Median values are shown with 25th to 75th percentile ranges in parentheses.
Sodium and Copeptin in HF
There was no correlation between copeptin and sodium concentrations by Spearman test (r=0.047). Copeptin concentrations by quartiles of sodium were very similar without significant differences between the 4 groups (P=0.438) (Figure 1). The prognostic effects of sodium and copeptin were additive (P<0.001) but not synergistic (P=0.376).
Prognostic Value of Copeptin in HF
When copeptin was divided into deciles, most of the mortalities occurred in deciles 8 to 10 (Figure 2).

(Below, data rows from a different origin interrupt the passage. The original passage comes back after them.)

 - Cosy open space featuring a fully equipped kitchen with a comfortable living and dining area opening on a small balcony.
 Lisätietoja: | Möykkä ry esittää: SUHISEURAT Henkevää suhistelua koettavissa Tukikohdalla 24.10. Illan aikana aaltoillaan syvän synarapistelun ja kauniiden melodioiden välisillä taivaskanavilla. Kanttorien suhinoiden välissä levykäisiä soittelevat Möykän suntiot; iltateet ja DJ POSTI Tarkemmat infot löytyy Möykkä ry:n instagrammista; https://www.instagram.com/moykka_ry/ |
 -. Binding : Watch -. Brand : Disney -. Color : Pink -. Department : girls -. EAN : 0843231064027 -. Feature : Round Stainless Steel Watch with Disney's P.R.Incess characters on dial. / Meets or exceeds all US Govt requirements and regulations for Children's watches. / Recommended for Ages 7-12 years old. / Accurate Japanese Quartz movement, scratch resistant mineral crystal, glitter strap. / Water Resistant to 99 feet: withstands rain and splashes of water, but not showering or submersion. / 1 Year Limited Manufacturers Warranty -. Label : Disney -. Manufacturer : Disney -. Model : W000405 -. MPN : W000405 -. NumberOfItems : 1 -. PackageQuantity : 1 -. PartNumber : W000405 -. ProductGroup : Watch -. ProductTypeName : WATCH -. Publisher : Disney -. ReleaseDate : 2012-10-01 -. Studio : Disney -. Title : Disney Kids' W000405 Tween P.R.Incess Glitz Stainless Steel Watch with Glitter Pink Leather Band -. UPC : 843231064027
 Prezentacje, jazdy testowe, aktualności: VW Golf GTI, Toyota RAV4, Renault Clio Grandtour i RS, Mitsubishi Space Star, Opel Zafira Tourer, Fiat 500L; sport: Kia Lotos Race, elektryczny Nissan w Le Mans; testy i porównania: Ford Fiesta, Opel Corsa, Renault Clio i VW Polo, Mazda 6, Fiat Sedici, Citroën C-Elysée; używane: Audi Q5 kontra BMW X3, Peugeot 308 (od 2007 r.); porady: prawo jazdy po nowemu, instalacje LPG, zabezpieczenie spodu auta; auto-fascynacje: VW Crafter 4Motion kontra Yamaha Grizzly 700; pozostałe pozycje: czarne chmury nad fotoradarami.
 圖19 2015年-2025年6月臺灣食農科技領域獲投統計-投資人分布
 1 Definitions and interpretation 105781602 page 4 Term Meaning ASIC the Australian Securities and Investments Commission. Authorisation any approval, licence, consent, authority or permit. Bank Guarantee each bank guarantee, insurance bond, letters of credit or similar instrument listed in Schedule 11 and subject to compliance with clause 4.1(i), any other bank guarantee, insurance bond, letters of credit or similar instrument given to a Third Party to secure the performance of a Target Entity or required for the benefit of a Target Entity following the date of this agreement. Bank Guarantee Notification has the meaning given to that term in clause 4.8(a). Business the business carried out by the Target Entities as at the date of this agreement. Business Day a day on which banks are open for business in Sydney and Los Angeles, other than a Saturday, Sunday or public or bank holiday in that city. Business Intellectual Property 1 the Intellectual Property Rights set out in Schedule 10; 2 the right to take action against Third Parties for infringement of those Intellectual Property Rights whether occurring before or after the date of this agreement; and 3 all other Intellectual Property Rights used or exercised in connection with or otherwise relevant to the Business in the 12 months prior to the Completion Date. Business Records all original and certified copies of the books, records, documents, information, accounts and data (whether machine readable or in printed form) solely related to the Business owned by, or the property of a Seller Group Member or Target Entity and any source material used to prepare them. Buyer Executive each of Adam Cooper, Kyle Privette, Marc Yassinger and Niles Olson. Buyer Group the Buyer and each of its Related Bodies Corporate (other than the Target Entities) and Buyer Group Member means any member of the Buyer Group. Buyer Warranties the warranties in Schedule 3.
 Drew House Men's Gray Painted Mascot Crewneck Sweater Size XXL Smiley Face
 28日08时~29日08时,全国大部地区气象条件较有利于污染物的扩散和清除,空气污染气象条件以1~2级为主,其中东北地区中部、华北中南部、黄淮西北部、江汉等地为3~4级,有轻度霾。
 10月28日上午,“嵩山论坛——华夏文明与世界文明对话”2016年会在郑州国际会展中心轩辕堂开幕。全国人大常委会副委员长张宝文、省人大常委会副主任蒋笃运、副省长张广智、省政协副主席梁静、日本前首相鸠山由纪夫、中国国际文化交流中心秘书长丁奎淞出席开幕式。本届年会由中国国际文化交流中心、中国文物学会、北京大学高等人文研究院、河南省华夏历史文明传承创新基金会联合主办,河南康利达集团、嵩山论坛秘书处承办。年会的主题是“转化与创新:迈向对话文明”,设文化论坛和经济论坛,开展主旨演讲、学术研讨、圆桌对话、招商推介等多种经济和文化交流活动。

When analyzed as quartiles, patients in the highest copeptin quartile had significantly increased 90-day mortality when compared with patients in the lowest copeptin quartile (P<0.001, hazard ratio [HR], 3.85), whereas patients in the second and third quartiles did not have significantly increased mortality (Figure 3 and Table 3).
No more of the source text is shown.